Billie finally looked at her then, with such a sudden flare of fear and shock and hope that Cleo was surprised to find herself unburned. "What—what do you—"

"I mean I'm going to lie down in your bed, and you're going to lie next to me, and we'll be close to each other. And that'll be enough."

It sounded true, when Cleo said it. It almost felt true too.

They settled into the bed in the captain's quarters: facing each other, hands almost touching, breathing the same air, sort of, if Cleo didn't think about it too hard. Billie seemed stiff at first, scared to move, scared to disturb the equilibrium, but then Cleo shuffled even closer until their noses were dangerously close to brushing. And Billie gasped against Cleo's mouth, and her long fingers curled near Cleo's collarbone, and Cleo felt the spark of it tremble all the way through her.

"See," she murmured, "this is perfect. I get all your good blankets to myself."

Billie puffed out a breath that was almost a laugh and almost a sigh. "You're doing it again."

"Doing what?"

"Making jokes instead of feeling."

Cleo breathed in and out, letting the electric buzz spread into her belly and curl her toes. "Am not."

Billie took off her glasses. Seeing her like this was like looking up at the night sky, Cleo thought. She wouldn't get tired of counting the details if she lived for a million years.

"I love you, Cleo," Billie whispered.

"I love you too," Cleo said, and wondered at the ease of it.

They stayed like that, breathing together, their lips just photons apart, until Cleo's eyes started to flicker closed. She was tired. She ached all over—from Halvorsen's attack and from the wanting—but she didn't want to sleep. She couldn't let her body forget that Billie was there.

"Billie," she said softly, thinking of what her friends had said. "When did you know?"

Billie blinked her eyes open, her face completely untired. "Know what?"

"That you loved me."

"Hmm." Billie smiled, her eyes searching Cleo's face. "You first."

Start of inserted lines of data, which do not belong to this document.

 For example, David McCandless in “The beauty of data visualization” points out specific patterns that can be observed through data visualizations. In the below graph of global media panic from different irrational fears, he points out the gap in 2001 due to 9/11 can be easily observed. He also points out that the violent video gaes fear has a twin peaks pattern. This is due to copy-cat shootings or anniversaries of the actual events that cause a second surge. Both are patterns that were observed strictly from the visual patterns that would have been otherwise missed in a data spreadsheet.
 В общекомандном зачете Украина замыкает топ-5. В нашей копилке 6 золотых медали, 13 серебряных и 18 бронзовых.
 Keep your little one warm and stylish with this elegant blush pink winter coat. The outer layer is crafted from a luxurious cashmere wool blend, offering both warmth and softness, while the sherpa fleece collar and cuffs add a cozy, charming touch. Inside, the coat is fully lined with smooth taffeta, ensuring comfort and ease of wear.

"You're deflecting, but whatever." Cleo trailed a finger over her own palm, imagining the light touch was Billie's. "I knew when I told you Elijah was alive. I should have realized earlier, but I've never been in love before, hindsight is twenty-twenty, et cetera, et cetera."

"That was pretty late in the game."

"Alright, Dr. Love, tell me how soon you knew."

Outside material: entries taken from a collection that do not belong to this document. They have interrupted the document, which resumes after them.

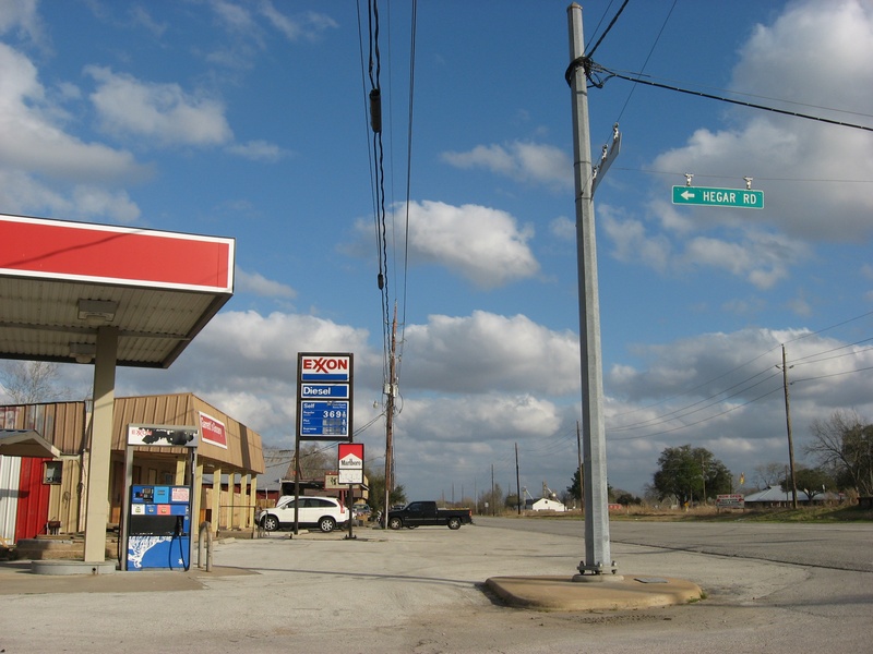 HH (142).jpg : Intersection of Hempstead Rd. and Hegar Rd. in Hockley, Tx, Feb. 2011. This Exxon station/corner store, which has since closed, was once a popular stop for travelers on Hempstead Rd. heading to places like Austin. This intersection was bypassed by the 290 main lanes during the late 1990's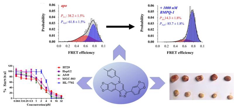 团队采用荧光共振能量转移(FRET)分析、圆二色谱(CD)熔融以及荧光光谱扫描等方法,鉴定出特异性识别二聚G-四链体TTA45的化合物BMPQ-1。BMPQ-1可有效抑制小鼠体内肿瘤的生长,不影响小鼠体重。免疫荧光分析表明,BMPQ-1可诱导端粒末端G-四链体的形成并引起端粒DNA损伤反应。单分子荧光共振能量转移(smFRET)和CD光谱研究表明,BMPQ-1通过改变TTA45在溶液中的构象系综,进而实现对其选择性识别。该工作为靶向G-四链体的抗肿瘤药物研究奠定了基础。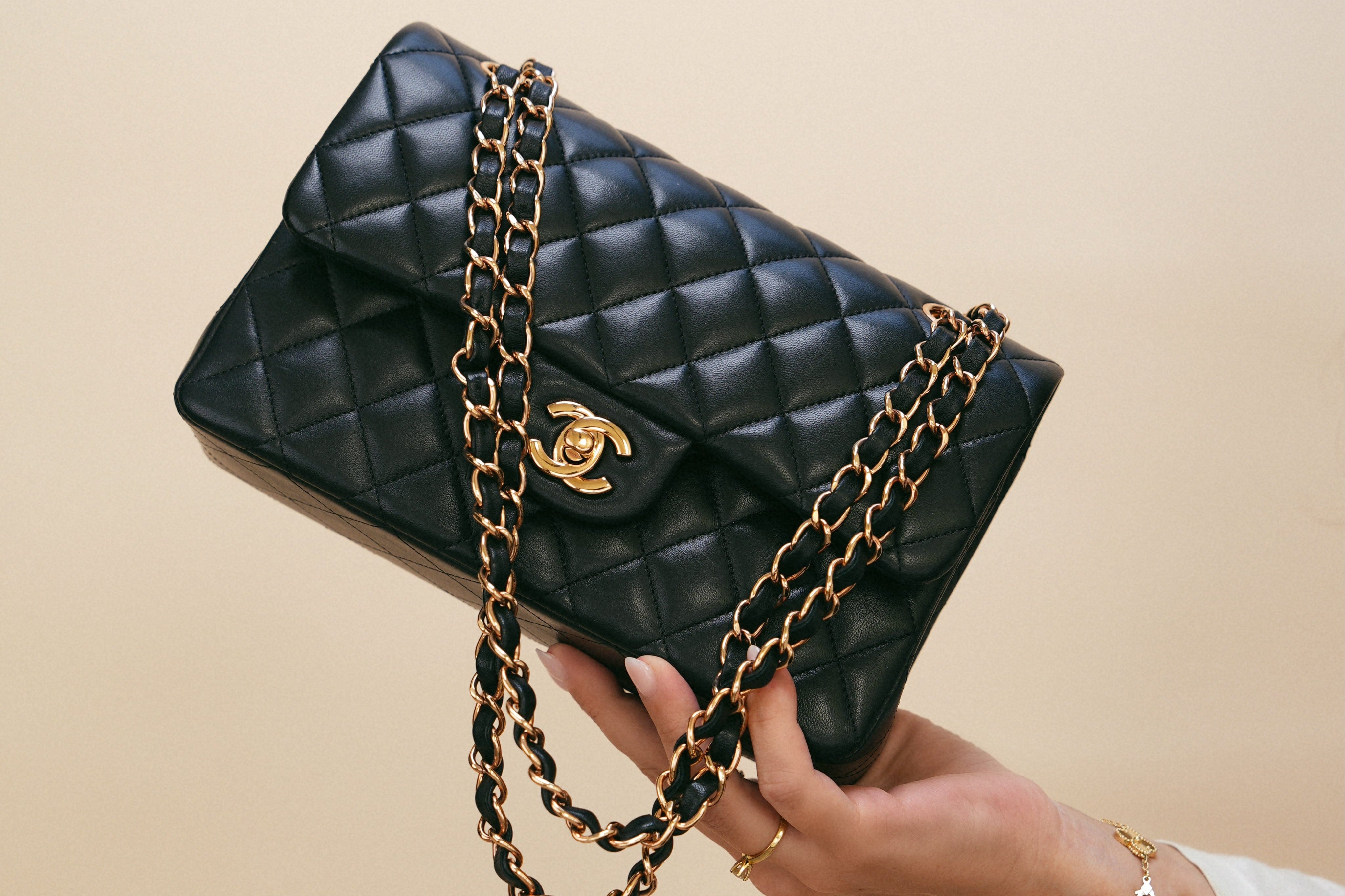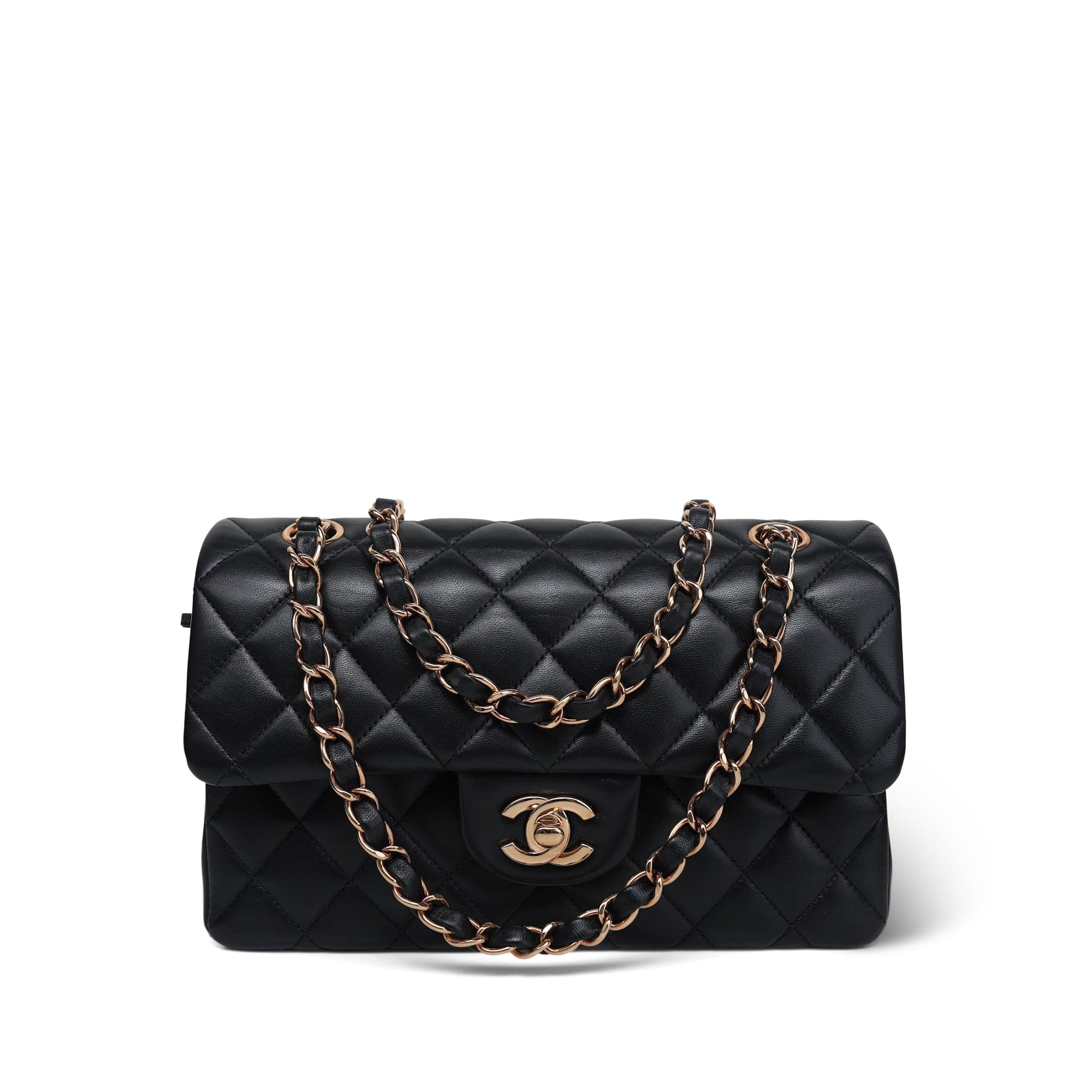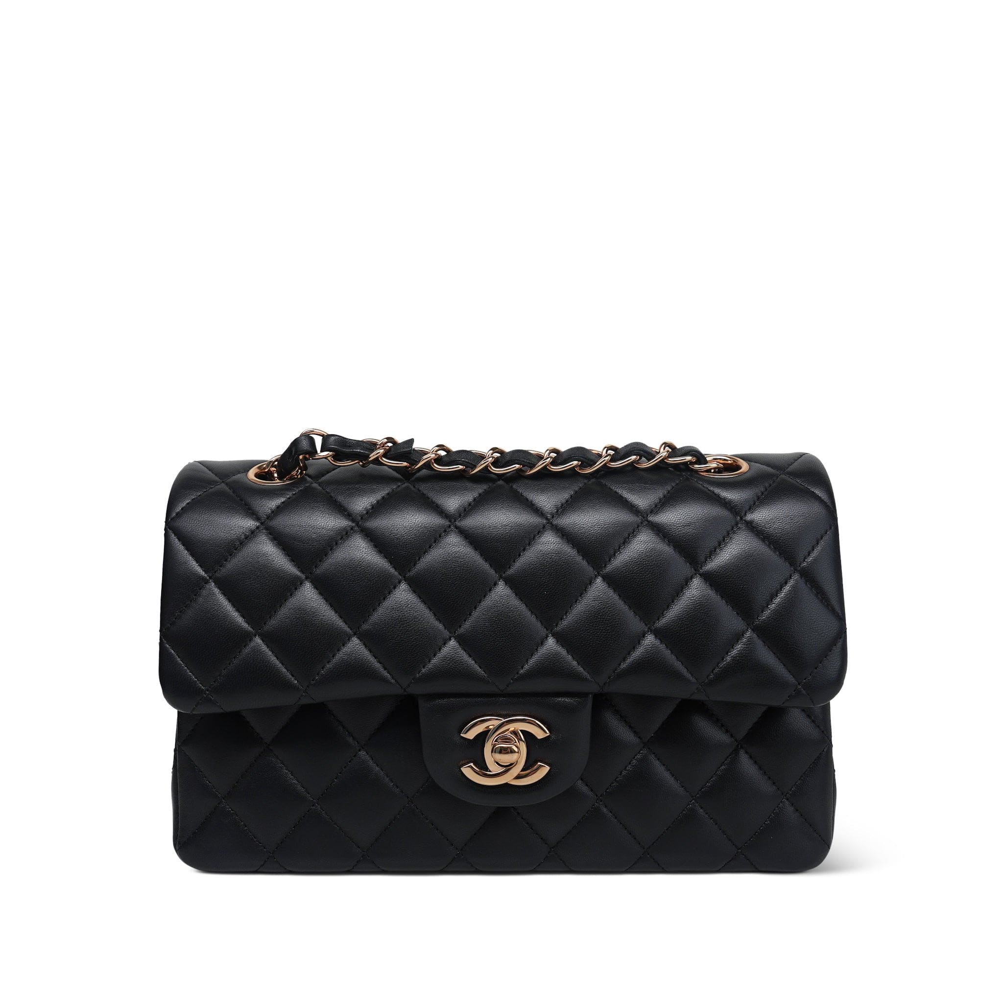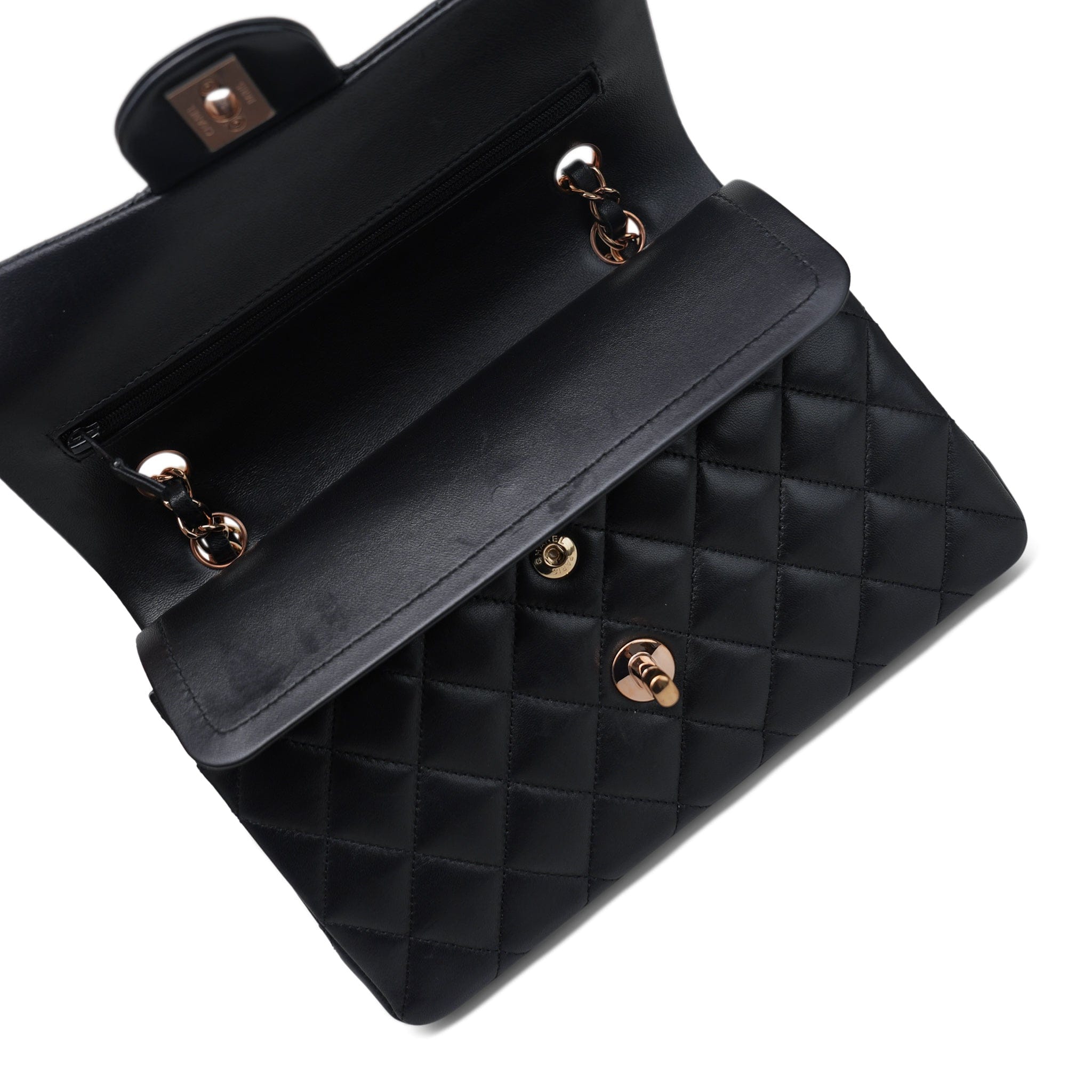 21B Black Lambskin Quilted Classic Flap Small Rose Gold Hardware

Billie slid her hand just a hair closer to Cleo's, her eyes following Cleo's fingertips as they traced the lines of her hand. "From the beginning."

Cleo's blood pounded in her chest, in her cheeks. "Bullshit."

"Is that so hard to believe?" Billie murmured. "That I could know I was going to love you from the moment I saw you giggling to yourself about Newton's third law of motion and that goddamn sneaker?"

Cleo squeezed her eyes shut again, just for a moment, so she wouldn't do something stupid like try to kiss Billie's brains out. "No way you knew that after knowing me for, what, fifteen minutes—"

"I did." Billie's voice was so rough. So soft. "It was—"

"Love at first sight?" Cleo was scared that if she smiled, her happiness would be too bright, too blinding, but she did it anyway. "Gross."

Billie gave Cleo as exasperated a look as she could manage with their foreheads practically touching, and didn't deny it.

***

"Bill, are you okay?" Eli asks me, after I've been in another trance, picking at the boundary and utterly failing to find a way through for God knows how long, making him worry about me again.

No, I could say. No, because I thought I would never see Neil's face again, and when I did it was because a monster had put it on to threaten me, and you, and the woman I love.

No, I could say, because Cleo is in love with the hologram, the one that I was an idiot and gave my face to, and my mind, and my weakness for people who shine like the sun. So when—if—I meet her, she's not going to want me. Because she already has me.

No, I could say. Because still, despite everything, all I want to do is help her. And I don't know if I can.

"I'm fine," I say instead. "Let me get back to work."